Task item: Make an exact copy of the data below, leaving out every picture.

Given data:
========================================

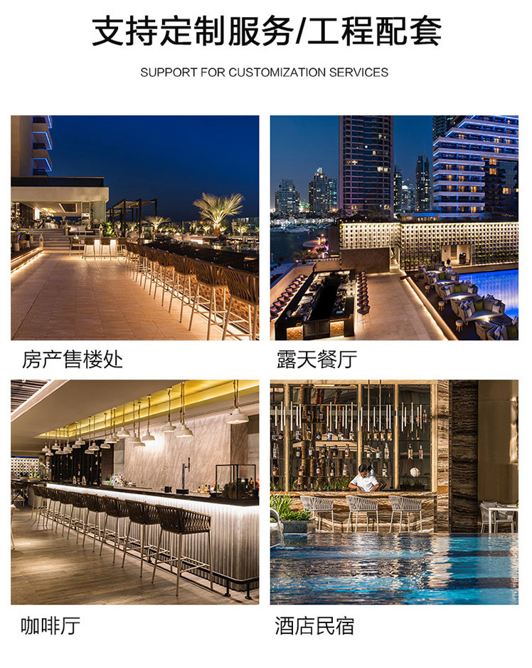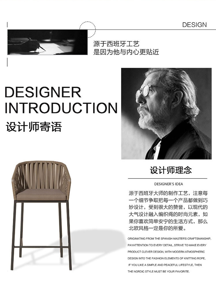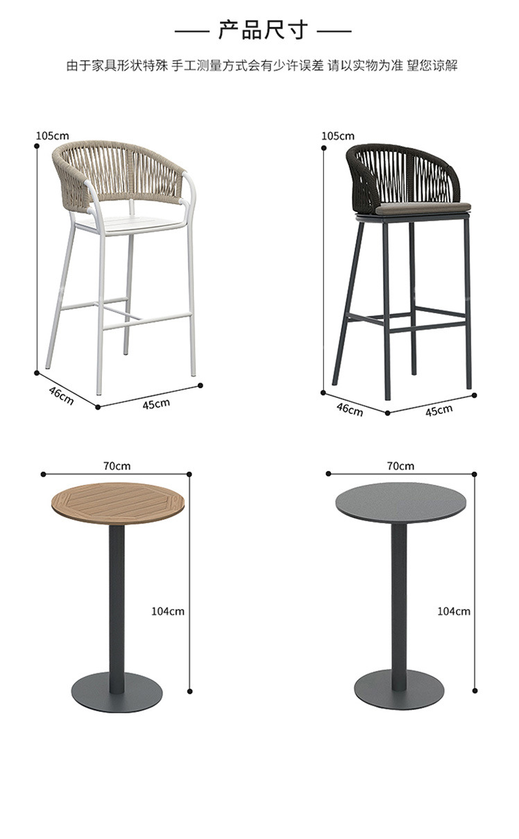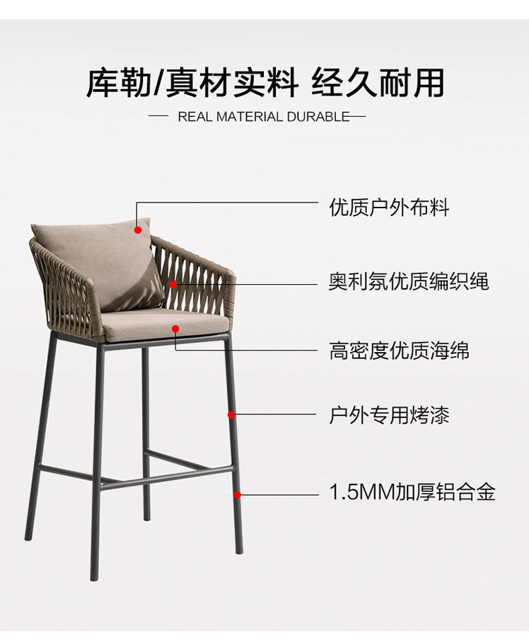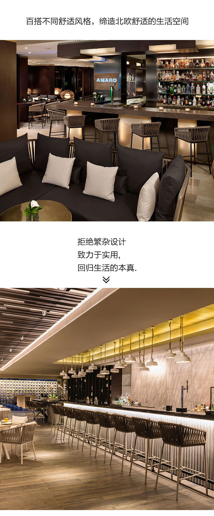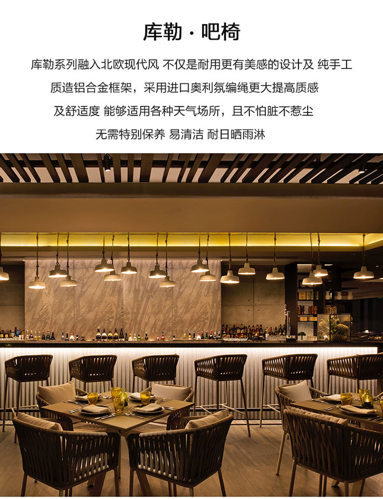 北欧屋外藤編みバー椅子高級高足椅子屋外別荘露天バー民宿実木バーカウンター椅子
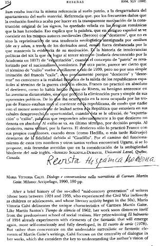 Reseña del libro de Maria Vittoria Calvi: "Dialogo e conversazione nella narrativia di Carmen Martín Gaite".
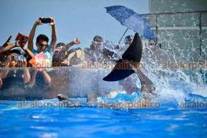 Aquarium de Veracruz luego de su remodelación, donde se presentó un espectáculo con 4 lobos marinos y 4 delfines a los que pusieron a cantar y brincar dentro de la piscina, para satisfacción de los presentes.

========================================

Completed exercise:
 北欧屋外藤編みバー椅子高級高足椅子屋外別荘露天バー民宿実木バーカウンター椅子
 Reseña del libro de Maria Vittoria Calvi: "Dialogo e conversazione nella narrativia di Carmen Martín Gaite".
 Aquarium de Veracruz luego de su remodelación, donde se presentó un espectáculo con 4 lobos marinos y 4 delfines a los que pusieron a cantar y brincar dentro de la piscina, para satisfacción de los presentes.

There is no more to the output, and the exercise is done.